Still, in the afflicted lands, we know that there is dissastisfaction, even serious unrest and anger. Consider that two days after the SES survey results came out, protesters reportedly numbering around 10,000, and coming all the way from other Yolanda stricken areas in the Samar and Leyte provinces marched through the streets of Tacloban City to express their indignation over the government’s purported shortcomings. The protesters demanded P40,000 in direct cash assistance from the national government and were calling for the repeal of the 40 meters ‘no-build zone’ from the shoreline policy, among other gripes, and have since issued an ultimatum for the government to heed their demands.

An open letter from Tacloban

In Tacloban, hard questions are being asked by good people like Redemptorist brother Karl Gaspar. In an open letter, this veteran of the struggle against the Marcos regime who has been on the ground in Tacloban for the last 100 days observes and asks:

“After a hundred days, Tacloban City and its adjacent towns and communities in Samar-Leyte still lay in ruins. Recovery has been very slow and the situation remains bleak and desperate! Thousands of survivors still live in tents and temporary shelters; and bunkhouses built by the government can’t still be used for these are deemed unfit for human habitation. Despite official rejection of corruption charges, suspicions of wrongdoings persist.”

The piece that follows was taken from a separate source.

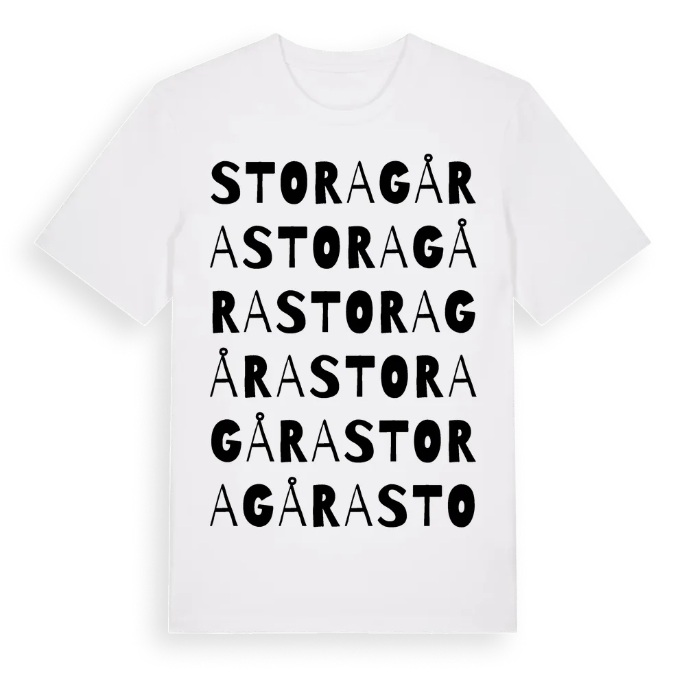 Stora Gåra ordlek t-shirt är inspirerad av Stora Gåra i Östergötlands län, Sverige. Tröjan är designad för dig som har en speciell koppling till platsen – oavsett om du bor här, har rötterna här eller bara älskar Stora Gåra.

A hundred days ago, thousands perished as the giant seawaters rushed inland sweeping everybody and everything that stood in the way of the storm surge. After a hundred days, government statistics still peg the casualty figures at 6.7 thousand, when ordinary folks claim it could be triple that figure. Hundreds of bodies still need to be dug from the debris, retrieved and identified, blessed and buried in mass graves. Pious elderly women lit candles near dump sites where they hear voices in the dead of the night wishing that restless souls be finally laid to rest.

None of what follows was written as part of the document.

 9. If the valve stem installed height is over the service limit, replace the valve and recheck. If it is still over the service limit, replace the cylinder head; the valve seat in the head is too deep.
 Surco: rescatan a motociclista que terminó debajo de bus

A hundred days ago, the world watched in horror at images broadcasted by mass and social media showing corpses lying in the streets left unattended, the living desperately seeking food and water, evacuees occupying cramped evacuation centers huddled like orphans abandoned by their elders and State and private agencies distributing relief goods amidst complaints that government agencies assigned these tasks have been too slow in responding to people’s need for food and potable water. A hundred days after, thousands still rely on relief goods which could dry up any day soon, leaving thousands of children threatened with malnutrition.

All over the city, one sees signs on tarpaulin and cement walls – BANGON TACLOBAN! TINDOG LEYTE! (Rise up, Tacloban! Stand up Leyte!) But even as the ravaged areas are struggling to recover, one looks around the bleak landscape and wonders if there is hope for the majority of the survivors in the months and years to come.

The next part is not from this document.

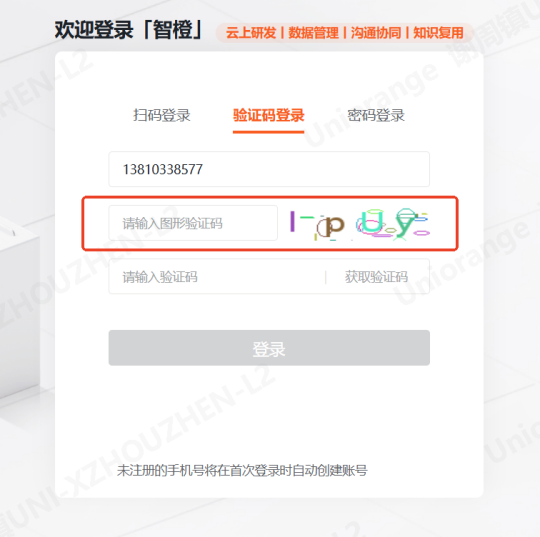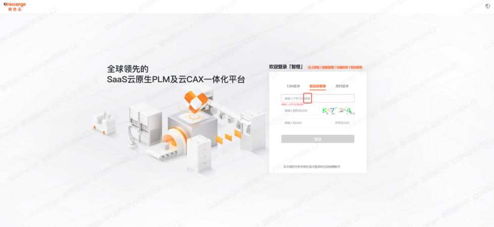 第二步:选择验证码登录,输入手机号码,验证码登录平台,登录成功选择企业进入智橙平台首页;

Meanwhile the people raise very urgent and important questions:

1. (For those who have rebuilt or hope to rebuild their houses inside the 40-meter no-build zone) What are the provisions of the Presidential Decree that serve as legal framework for this no-build zone? How serious is the State in implementing this decree in Tacloban City and adjacent coastal towns and barangays? What are the implications for those who have no other place to rebuild their homes? What happens if they resist the PD? If the people are pushed out of this zone, are there relocation sites for them? Where are these?

2. (For those who still live in evacuation centers or in temporary shelters that do not offer adequate comfort and safety) When will the homeless survivors be able to transfer to housing projects that have been built or still being built? Who are the ones who would benefit from such housing projects? What is the process of applying for such houses? What are the terms for payment? Are the sites of these housing projects locations that provide livelihood for the residents?” 

Unequal distribution of disaster impacts

The truth is that even when a disaster is universal, i.e., it affects everyone, its impacts are always unequally distributed.

Vivid images of a disaster happening or its immediately visible impacts can be very powerful and make one forget the realities before the disaster occurred. Before Yolanda hit the Samar provinces of Eastern and Northern Samar, these two had long been identified as some of the poorest provinces in the country. The reasons for the Samar provinces’ impoverished state are winding and complex, but inadequate attention from the national government is certainly one of the culprits.

As poor households generally have low expectations or merely hope for marginal improvements in their quality of life, a public act of kindness by government leaders during or after disasters is often seen as an exercise of charity which already suffices to bring about great joy and satisfaction among the poor, but which, in turn, reinforces their psyche of mendicancy. 

Surely, the happening of Yolanda burdened residents of Samar and Leyte with even more hardships. But we must not lose track of the fact that even before their communities were devastated by the super typhoon the people there were already living in abject poverty. Disasters don’t erase that fact; rather it worsens the living conditions of the poor since the poorest people in a community also happen to be the most vulnerable to the impacts of disasters. It is the poor, on account of their lack of financial resources, who are forced to live in esteros, under the bridges, along dangerous mountain slopes, in permanent danger zones, and other geo-political areas where the life support and coping mechanisms are extremely fragile. 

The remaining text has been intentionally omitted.